Axelrod P I, Lorber B, Vonderheid E C
Department of Medicine, Temple University School of Medicine, Philadelphia, PA.
JAMA. 1992 Mar 11;267(10):1354-8.
To determine, in patients with mycosis fungoides and Sézary syndrome, the incidence of infections, the importance of nosocomial infections, and the epidemiologic factors associated with cutaneous and visceral infections.
Retrospective inception cohort study at a university medical center referral clinic.
Three hundred fifty-six patients with mycosis fungoides or Sézary syndrome.
Incidence rates for specific infections, and multivariate risk ratios for demographic and clinical factors associated with infection.
Cutaneous bacterial infection was most common (17.0 infections per 100 patient-years), followed by cutaneous herpes simplex virus and herpes zoster virus infection (3.8 infections per 100 patient-years), bacteremia (2.1 infections per 100 patient-years), bacterial pneumonia (1.7 infections per 100 patient-years), and urinary tract infection (1.4 infections per 100 patient-years).
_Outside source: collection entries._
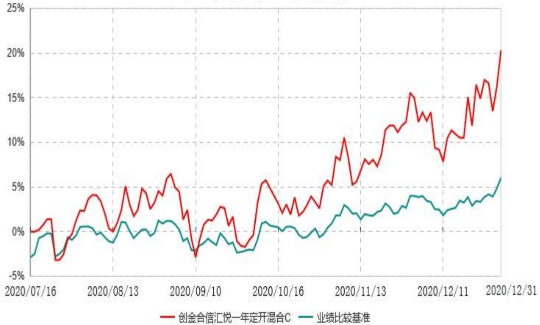
创金合信汇悦一年定开混合C累计净值增长率与业绩比较基准收益率历史走势对比图 (2020年07月16日-2020年12月31日)

注：1、本基金的基金合同于 2020 年 07 月 16 日生效，截至报告期末，本基金成立不满一年。 2、按照本基金的基金合同规定，自基金合同生效之日起六个月内使基金的投资组合比例符合本基金合同（第十二部分二、投资范围，三、投资策略和四、投资限制）的有关约定。本报告期本基金处于建仓期内。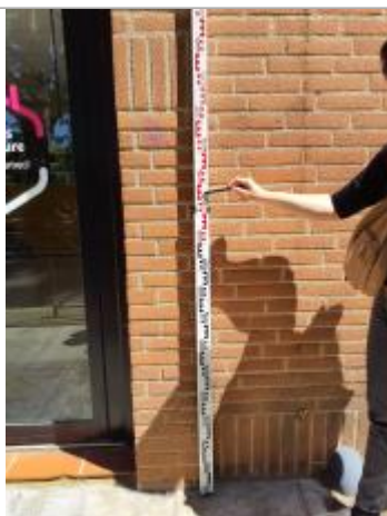
Photo du repère 29/04/2025

Altitude calculée de l'eau (en m) : 139.15 m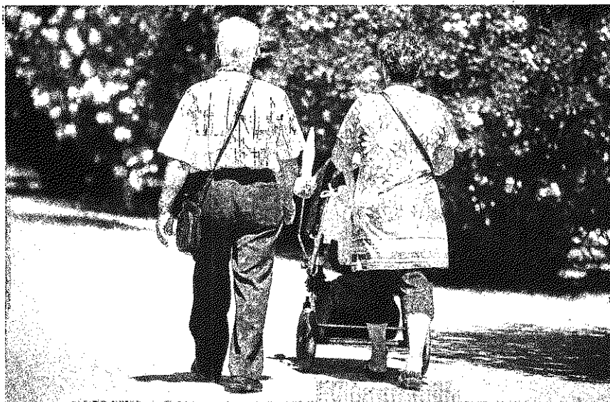
El régimen laboral de los padres obliga a muchos abuelos a hacerse cargo de sus nietos. HERALDO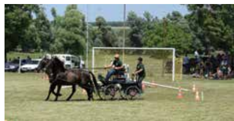
Lovak, fogatok, hajtók és közönség

A lovas rendezvény külön is megérdemel néhány mondatot. Cikón a helybeliek sok háttast tartanak, ezek a derék négy lábúak gyakorta szerephez jutnak a felvonulásokon. A Lovas Napon pedig a már említett akadályhajtásban, valamint gyermek és felnőtt kategóriában rendezett, háttas akadályversenyen galoppoztak vagy ügettek. A cikói elköteleződést jól mutatja, hogy a település lakói közül sokan viselték a helyi lovas egyesület polóját, ezt tette a polgármester is. A Családi Nap után egy héttel ünnepelte fen-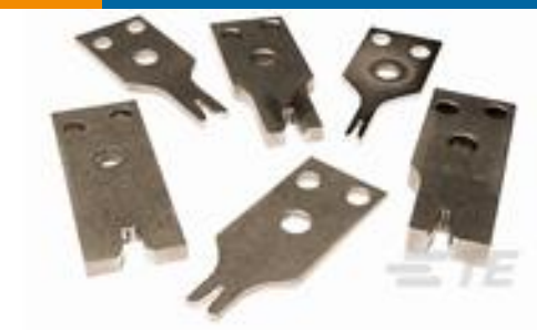
TE 产品编号6-456134-7 CRIMPER, INSULATION "F"(.210")

Twenty-seven percent of herpesvirus infections disseminated on the skin but none disseminated to internal organs. Pneumonia or bacteremia was present in 88% of patients who died of infection. Only three patients had invasive fungal or protozoal infection. Nosocomial infections accounted for 19% of cutaneous bacterial infections, 59% of bacteremias, 62% of pneumonias, and 88% of infections leading to death. By logistic and Cox regression, the presence of extracutaneous involvement with lymphoma was the most important independent risk factor for recurrent bacterial skin infection (risk ratio [RR], 12; 95% confidence interval [CI], 1.2 to 120), disseminated herpesvirus infection (RR, 28; 95% CI, 2.7 to 290), bloodstream infection (RR, 5.5; 95% CI, 1.7 to 18), and death from infection (RR, 15; 95% CI, 3.6 to 64).
Community-acquired bacterial skin infections are a common cause of morbidity in patients with mycosis fungoides and Sézary syndrome but are usually treated without hospital admission. Bacteremia and pneumonia, which are usually nosocomial, are the major infectious causes of death. Advanced disease stage, independent of corticosteroids and other therapies, is the most important risk factor for both cutaneous and systemic infections.
确定蕈样肉芽肿和塞扎里综合征患者的感染发生率、医院感染的重要性以及与皮肤和内脏感染相关的流行病学因素。
在一所大学医学中心转诊诊所进行的回顾性起始队列研究。
356例蕈样肉芽肿或塞扎里综合征患者。
特定感染的发生率,以及与感染相关的人口统计学和临床因素的多变量风险比。
皮肤细菌感染最为常见(每100患者年17.0次感染),其次是皮肤单纯疱疹病毒和带状疱疹病毒感染(每100患者年3.8次感染)、菌血症(每100患者年2.1次感染)、细菌性肺炎(每100患者年1.7次感染)和尿路感染(每100患者年1.4次感染)。27%的疱疹病毒感染在皮肤上播散,但无感染播散至内脏器官。死于感染的患者中88%存在肺炎或菌血症。仅有3例患者发生侵袭性真菌或原生动物感染。医院感染占皮肤细菌感染的19%、菌血症的59%、肺炎的62%以及导致死亡的感染的88%。通过逻辑回归和Cox回归分析,淋巴瘤存在皮肤外受累是复发性细菌性皮肤感染(风险比[RR],12;95%置信区间[CI],1.2至120)、播散性疱疹病毒感染(RR,28;95%CI,2.7至290)、血流感染(RR,5.5;95%CI,1.7至18)以及感染死亡(RR,15;95%CI,3.6至64)的最重要独立危险因素。
社区获得性细菌性皮肤感染是蕈样肉芽肿和塞扎里综合征患者发病的常见原因,但通常无需住院治疗。菌血症和肺炎通常为医院感染,是主要的感染致死原因。疾病晚期,独立于皮质类固醇和其他治疗,是皮肤和全身感染的最重要危险因素。